8. Putting all these factors together, he said that the significant inconsistencies in the Appellant's evidence undermined the reliability of the documentary evidence she produced; and he also had serious doubts as to the reliability of her evidence about her activities in the name of Quarshie.
9. We have mentioned that the evidence before Judge Harris included a written statement from the Appellant's sister. The Appellant explained that Mrs Puplampu, her sister, was unwell and unable to attend the hearing, but nevertheless Mr Kanu on her behalf and on her instructions proceeded with the appeal. In the absence of Mrs Puplampu to be tested in cross-examination, with no convincing medical evidence as to her illness and inability to attend the hearing, it is not surprising that the judge found that the written statement could not be given such weight as to help to remedy the deficiencies elsewhere in the evidence.
10. It was for the judge who saw and heard the Appellant give oral evidence and be cross-examined to make an assessment of her reliability having regard also to the documentary evidence before him. He concluded that he was not satisfied that the Appellant had demonstrated on the balance of probabilities that she had resided continuously in the UK for a period of at least fourteen years. That was a conclusion he was plainly entitled to reach and there is no error of law which would entitle this Tribunal to interfere. It follows that the same applies to reliance on the twenty year continuous residence rule.
11. The judge then went on to consider the alternative claim under Article 8 and after reference to the decisions of this Tribunal in Izuazu, the House of Lords in Huang and the questions posed by Lord Bingham in the House of Lords in Razgar, he said that he was prepared to accept that the Appellant had resided in the UK since at least June 2011 and so has established private life here. It may be, although he did not spell this out, that he was satisfied that the Appellant had also lived and worked here at least intermittently for various periods between 1989 and June 2011. But in any event that could not make a real difference. Almost anybody who has spent time in the UK has some Article 8 private life. The significance of that private life or family life obviously varies from case to case.

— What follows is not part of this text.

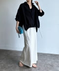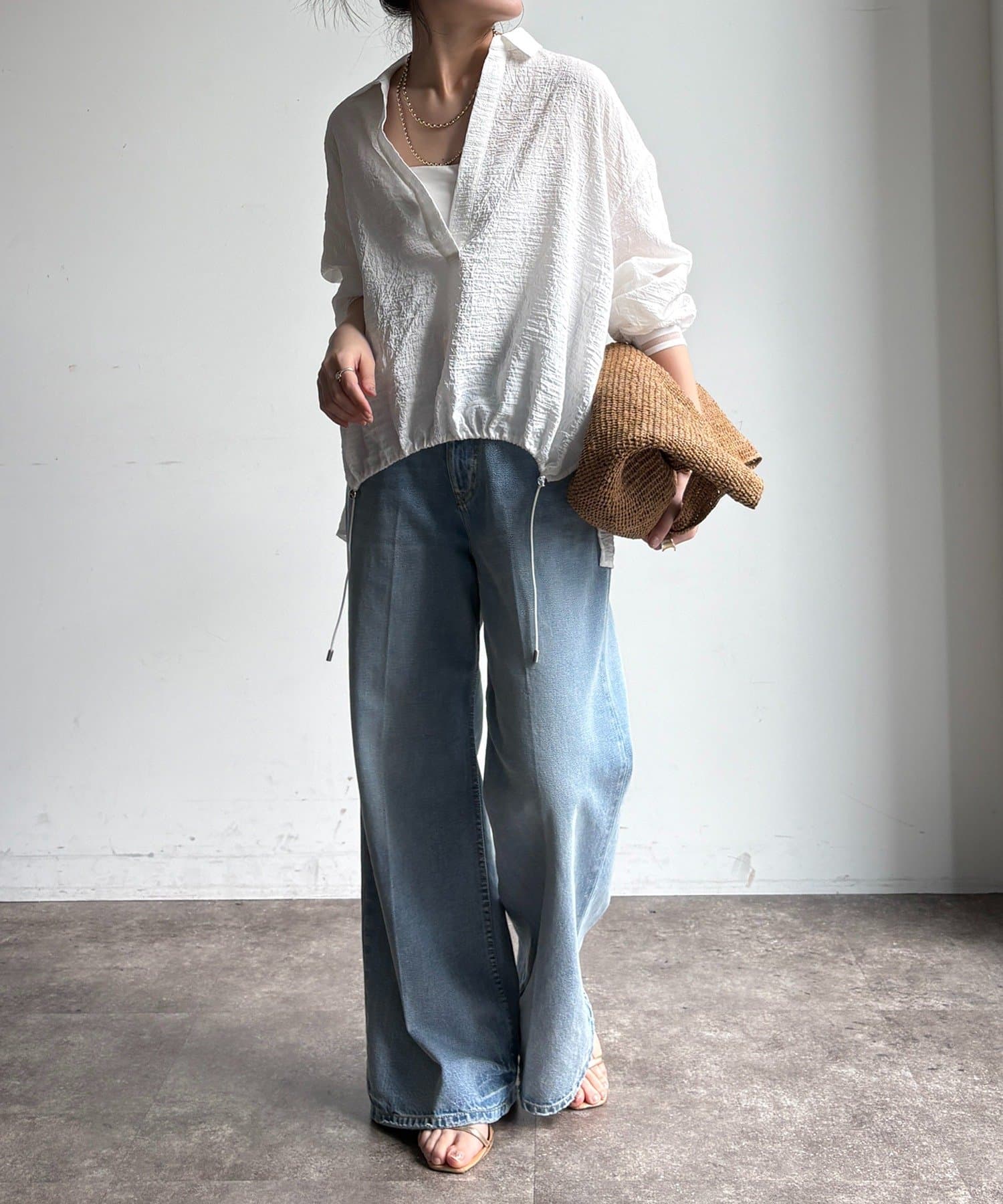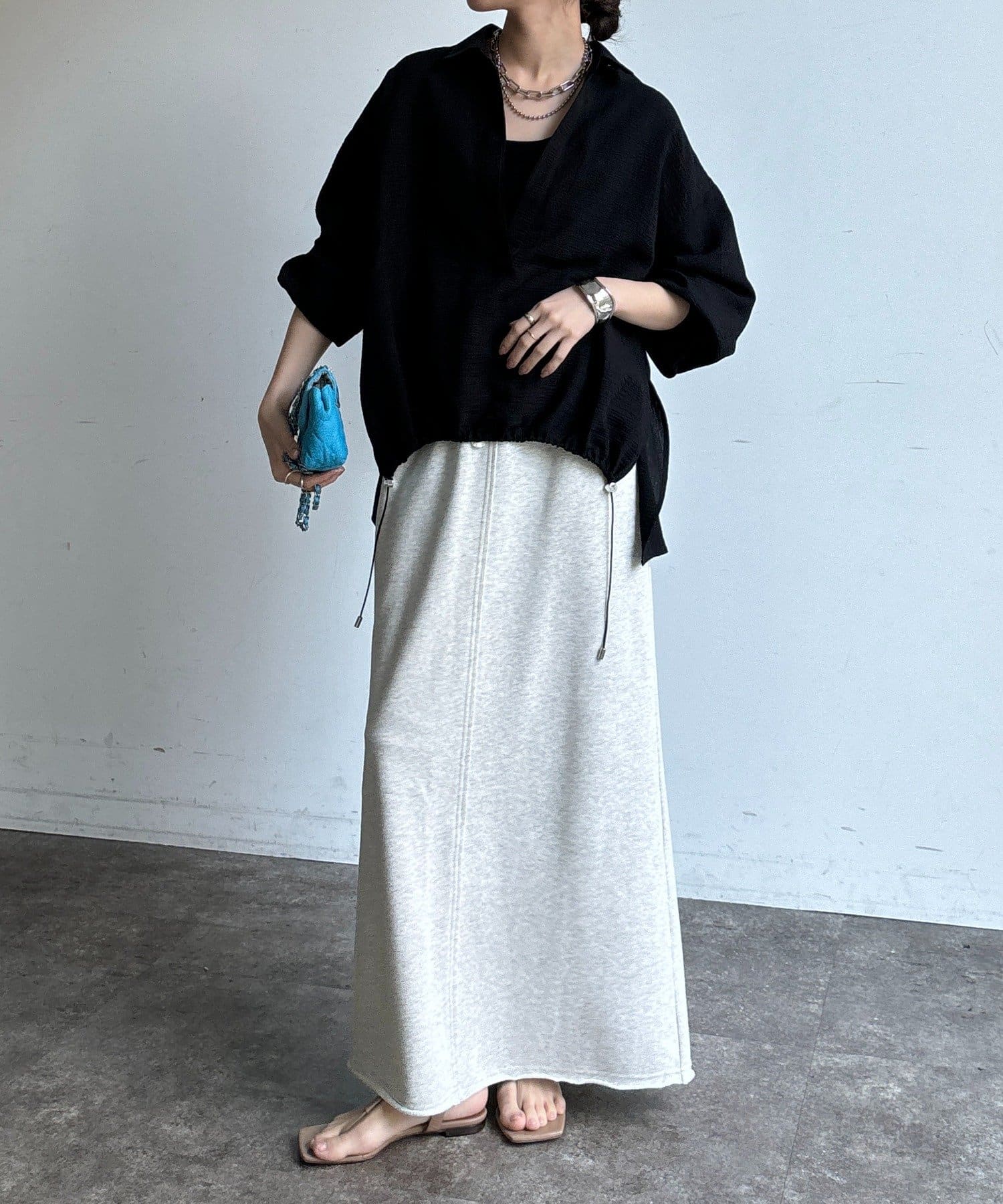ドロスト使用でシルエットのアレンジを可能に。きゅっと絞ればウエストにメリハリが生まれ、女性らしい立体的なフォルムに。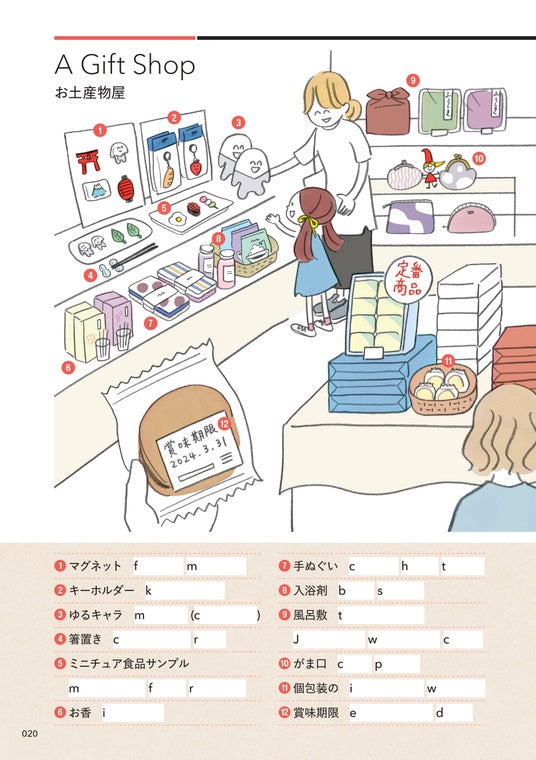 日常生活やレジャーなど、身近な65シーンの絵の中のものを計1000語、日本語や英語の頭文字をヒントに英語で言ってみる、トレーニング形式の単語集です。

12. This is a case in which the Appellant had no dependent children in this country, no spouse or long term partner in this country, no dependent elderly or sick parents or anything of that kind. She has a sister in this country but the case law clearly establishes that the presence of an adult sibling in this country does not begin to establish a bar under Article 8 to removal. It was simply not arguable before the First-tier Tribunal and is not arguable before us that once the Appellant had failed to establish the continuous residence which would bring her within the Rules, any sensible assessment of proportionality could result in the Appellant being granted leave to remain because of her Article 8 rights when set against the need to maintain effective immigration control.
13. Accordingly the judge's conclusion on this issue that the decision of the Respondent is proportionate and in accordance with Article 8 discloses no error of law and it follows that the appeal must be dismissed.